The Celts can now better contend for the playoffs this year even with Jared Sullinger out for a stretch (really, grabbing that 8-seed and picking, say, 16th in the draft, is pretty much the same as not grabbing it and picking 13th or 14th, right?), still find plenty of time to play and develop Marcus Smart (and possibly free up more minutes for James Young in the absence of Prince) and maintain all the flexibility to go nuts come summer time. None of the potentially top-flight draft picks acquired these past couple of years have gone anywhere. Those picks Ainge stole from Brooklyn in the Paul Pierce/Kevin Garnett trade? Still here.
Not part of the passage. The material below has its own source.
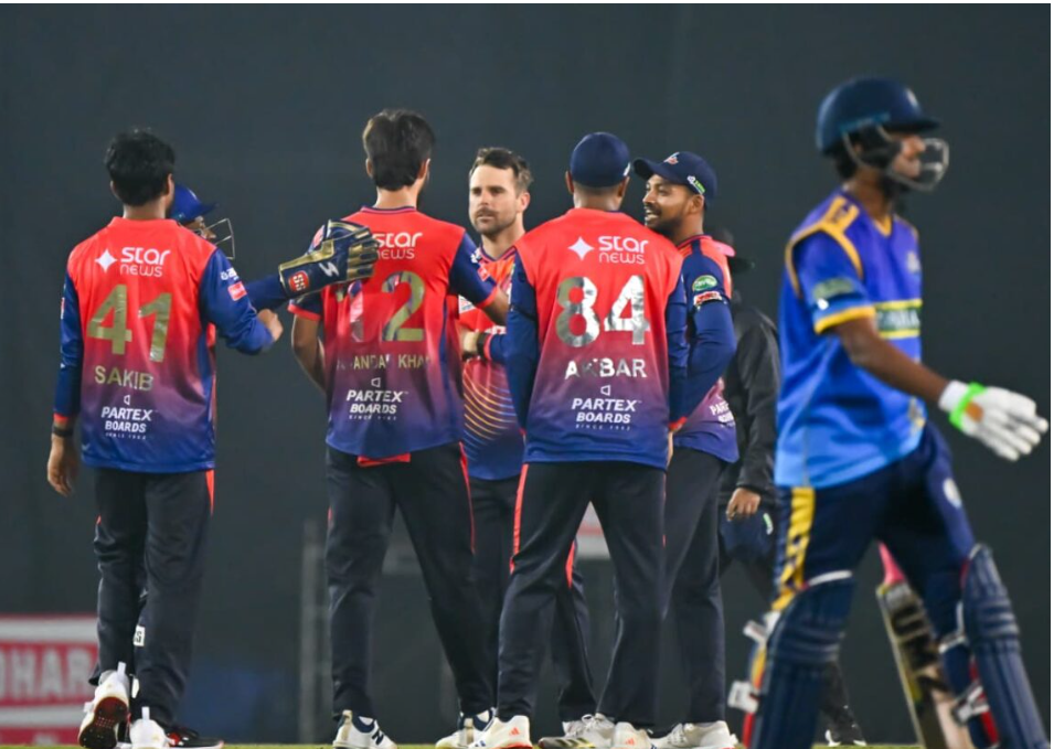 চট্টগ্রাম রয়্যালস ১৯.৫ ওভারে মাত্র ১২৫ রানেই গুটিয়ে যায়। আসিফ আলি ২৪ বলে ৪ ছক্কায় দলের হয়ে সর্বোচ্চ ৩৯ রান করেন। তানজিম হাসান সাকিব ৪ ওভারে ১ মেডেনে ১৭ রান দিয়ে ৪টি উইকেট নেন। এটি তার স্বীকৃত টি-টোয়েন্টি ক্যারিয়ারে দ্বিতীয়বার ৪ উইকেট শিকার।

A year and a half later, the Celtics are left w/James Young, two 1st round picks + another swap. The Nets are left w/30 games of Thad Young.— Rich Levine (@rich_levine) February 19, 2015
And if for some reason Thomas doesn't work out, his contract makes him completely movable should the Celts feel the need to include him in targeting a big name or two in June and July.
This is a good day for the Celtics and their fans. They got better without giving up anything of consequence to do so and are just as flexible for the future as they've been all along.
There is light at the end of the rebuild tunnel and it's shining nice and bright.